Objective: To determine whether information from the physician's initial evaluation of patients with suspected coronary artery disease predicts coronary anatomy at catheterization and 3-year survival.
Design: Prospective validation of regression model estimates in an outpatient cohort.
Setting: University medical center.
Patients: A total of 1030 consecutive outpatients referred for noninvasive testing for suspected coronary artery disease; 168 of these patients subsequently underwent catheterization within 90 days.

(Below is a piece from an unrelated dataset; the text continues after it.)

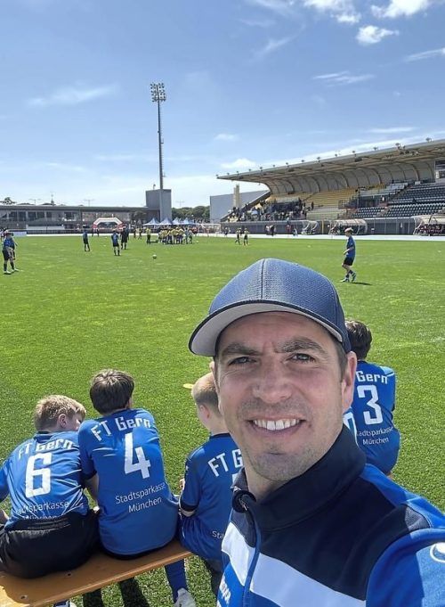 Der Weltmeister als Co-Trainer: Philipp Lahm mit seinen Jugendkickern von der FT Gern. © Privat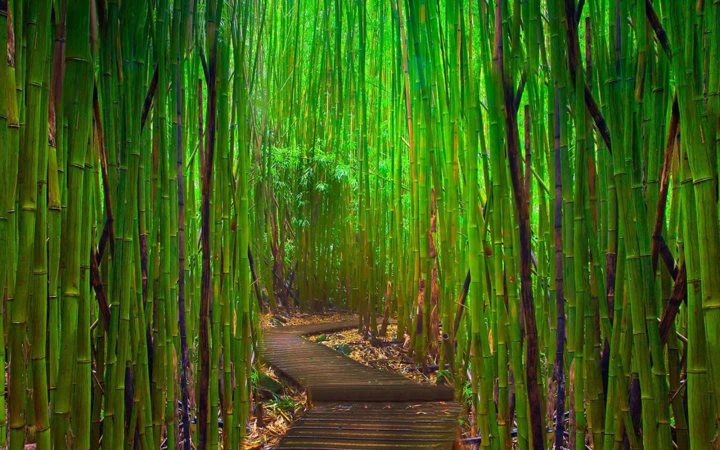 Green Bamboo Stalks Line A Pristine Path Wallpaper

Measurements: Information from the initial history, physical examination, electrocardiogram, and chest radiograph was used to predict coronary anatomy (the likelihood of any significant coronary disease, severe disease [left main or three-vessel], and significant left main disease) among 168 catheterized patients and to estimate 3-year survival among all patients. These estimates were compared with those based on treadmill testing. Cardiovascular testing charges were calculated for all patients.
Results: Predicted coronary anatomy and survival closely corresponded to actual findings. Compared with the treadmill exercise test, initial evaluation was slightly better able to distinguish patients with or without any coronary disease and was similar in the ability to identify patients at increased risk for dying or with anatomically severe disease. Based on arbitrary definitions, 37% to 66% of patients were at low risk and responsible for 31% to 56% of the charges for cardiovascular testing.
Conclusions: The physician's initial evaluation, despite the subjective nature of much of the information gathered, can be used to identify patients likely to benefit from further testing. The development of strategies for cost-conscious quality care must begin with the history, physical examination, and simple laboratory testing.